== Work to be completed ==
Down to the last line, set down the material below exactly; skip the pictures.
=== Dataset excerpt ===
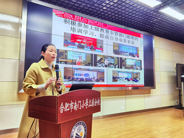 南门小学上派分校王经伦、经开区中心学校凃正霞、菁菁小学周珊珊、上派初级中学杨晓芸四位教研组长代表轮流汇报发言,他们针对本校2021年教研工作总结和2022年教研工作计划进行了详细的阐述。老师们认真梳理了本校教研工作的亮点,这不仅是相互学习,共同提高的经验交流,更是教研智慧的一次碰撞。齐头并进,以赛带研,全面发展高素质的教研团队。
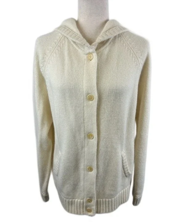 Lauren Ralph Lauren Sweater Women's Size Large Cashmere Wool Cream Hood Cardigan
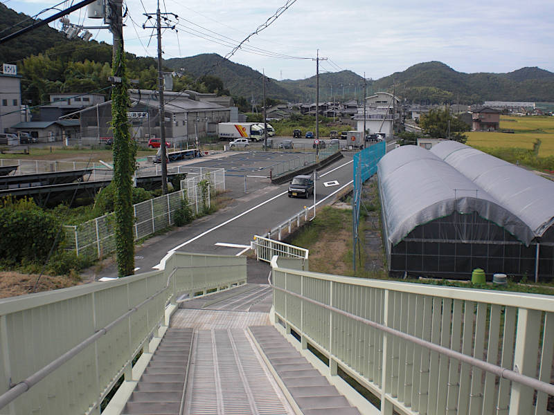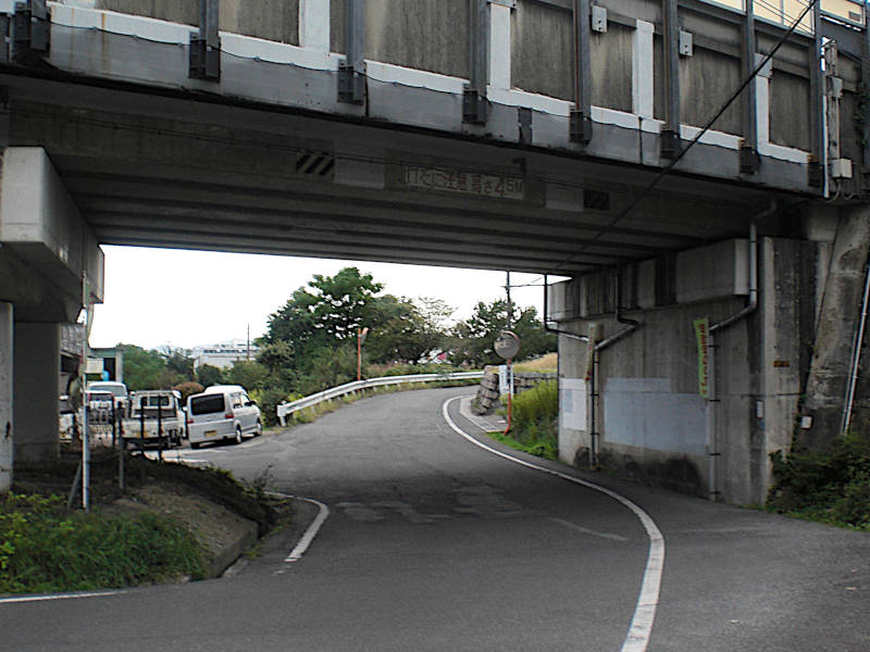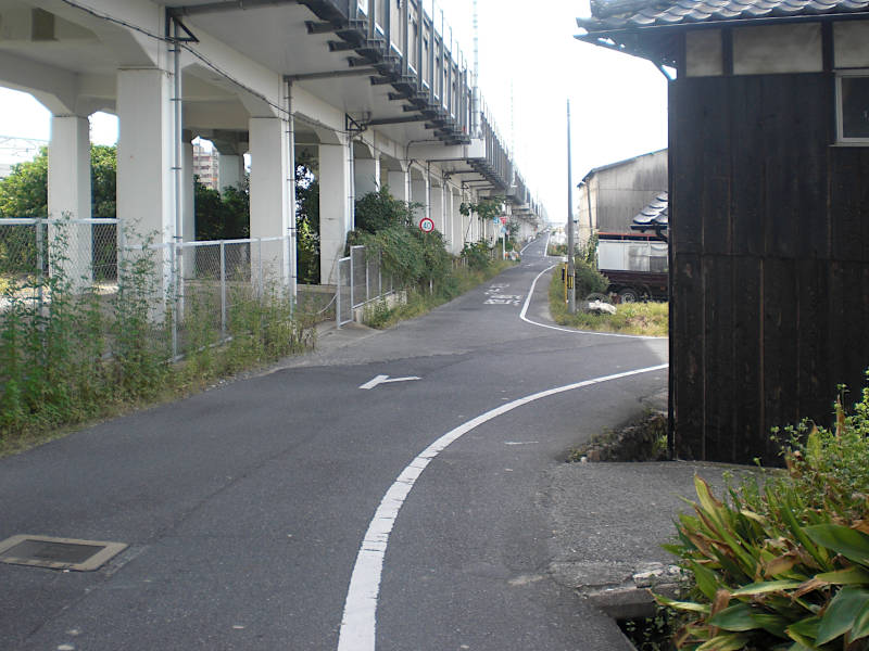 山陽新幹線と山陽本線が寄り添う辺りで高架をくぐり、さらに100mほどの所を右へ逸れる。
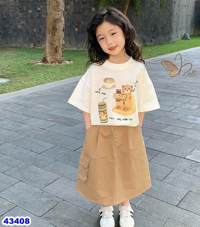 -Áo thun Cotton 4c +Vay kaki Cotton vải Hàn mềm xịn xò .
===
== Response area ==
 南门小学上派分校王经伦、经开区中心学校凃正霞、菁菁小学周珊珊、上派初级中学杨晓芸四位教研组长代表轮流汇报发言,他们针对本校2021年教研工作总结和2022年教研工作计划进行了详细的阐述。老师们认真梳理了本校教研工作的亮点,这不仅是相互学习,共同提高的经验交流,更是教研智慧的一次碰撞。齐头并进,以赛带研,全面发展高素质的教研团队。
 Lauren Ralph Lauren Sweater Women's Size Large Cashmere Wool Cream Hood Cardigan
 山陽新幹線と山陽本線が寄り添う辺りで高架をくぐり、さらに100mほどの所を右へ逸れる。
 -Áo thun Cotton 4c +Vay kaki Cotton vải Hàn mềm xịn xò .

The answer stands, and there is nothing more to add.